> _WORK INSTRUCTIONS_
Where the data below shows a picture, leave that picture out and copy the rest exactly.

> _INPUT DATA_
Segment Open

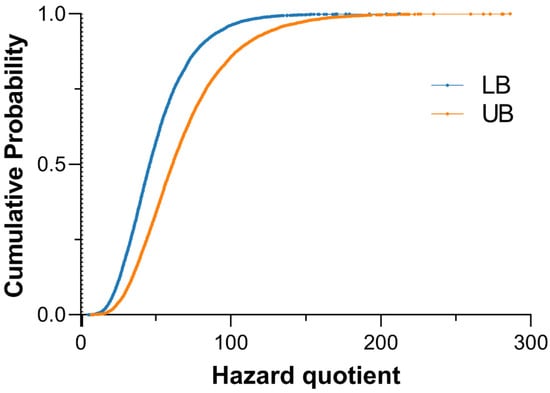 All simulated individuals exhibited HQs greater than 1 under both LB and UB exposure scenarios, indicating potential concern for non-cancer health effects associated with iAs exposure (Figure 5). The maximum HQs reached 212.8 in the LB scenario and 286.1 in the UB scenario, showing that combined dietary and drinking water exposures substantially exceeded the U.S. EPA reference dose (0.06 μg/kg/day).
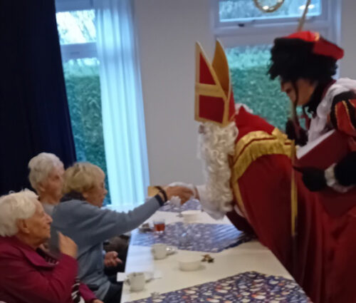 Spannender en boeiender was de reis van Sint en de Pieten vanuit Spanje door een heftige storm. Sint vertelde over hun belevenissen tijdens de Sintbingo. Dat gebeurde in verhaalvorm met de getallen erin verstopt. Dat was goed opletten om de juiste bingo te krijgen. Piet had ook mooie cadeaus meegebracht. Twee grote gezelschapspellen, dankzij de donatie van het Glazen Huis. Het werd een boeiende en gezellige middag en nadat Sint en Piet waren uitgezwaaid gingen alle gasten met een klein cadeautje en met een lach op het gezicht naar huis.
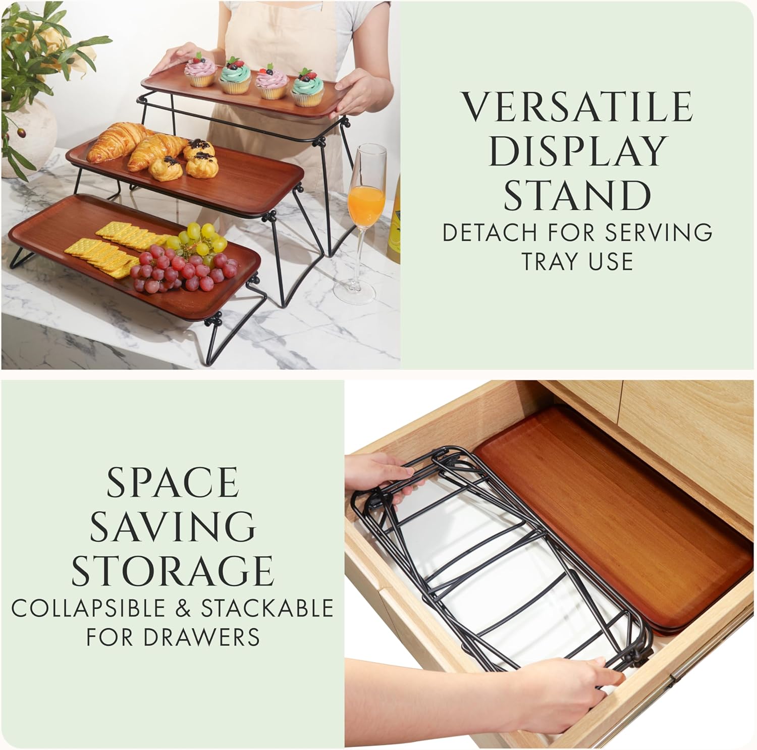 | Special Feature | Collapsible three tier tray, Lightweight 3 tiered dessert stand, Stackable cookie trays for parties |

Segment Closed

> _RESPONSE_
 All simulated individuals exhibited HQs greater than 1 under both LB and UB exposure scenarios, indicating potential concern for non-cancer health effects associated with iAs exposure (Figure 5). The maximum HQs reached 212.8 in the LB scenario and 286.1 in the UB scenario, showing that combined dietary and drinking water exposures substantially exceeded the U.S. EPA reference dose (0.06 μg/kg/day).
 Spannender en boeiender was de reis van Sint en de Pieten vanuit Spanje door een heftige storm. Sint vertelde over hun belevenissen tijdens de Sintbingo. Dat gebeurde in verhaalvorm met de getallen erin verstopt. Dat was goed opletten om de juiste bingo te krijgen. Piet had ook mooie cadeaus meegebracht. Twee grote gezelschapspellen, dankzij de donatie van het Glazen Huis. Het werd een boeiende en gezellige middag en nadat Sint en Piet waren uitgezwaaid gingen alle gasten met een klein cadeautje en met een lach op het gezicht naar huis.
 | Special Feature | Collapsible three tier tray, Lightweight 3 tiered dessert stand, Stackable cookie trays for parties |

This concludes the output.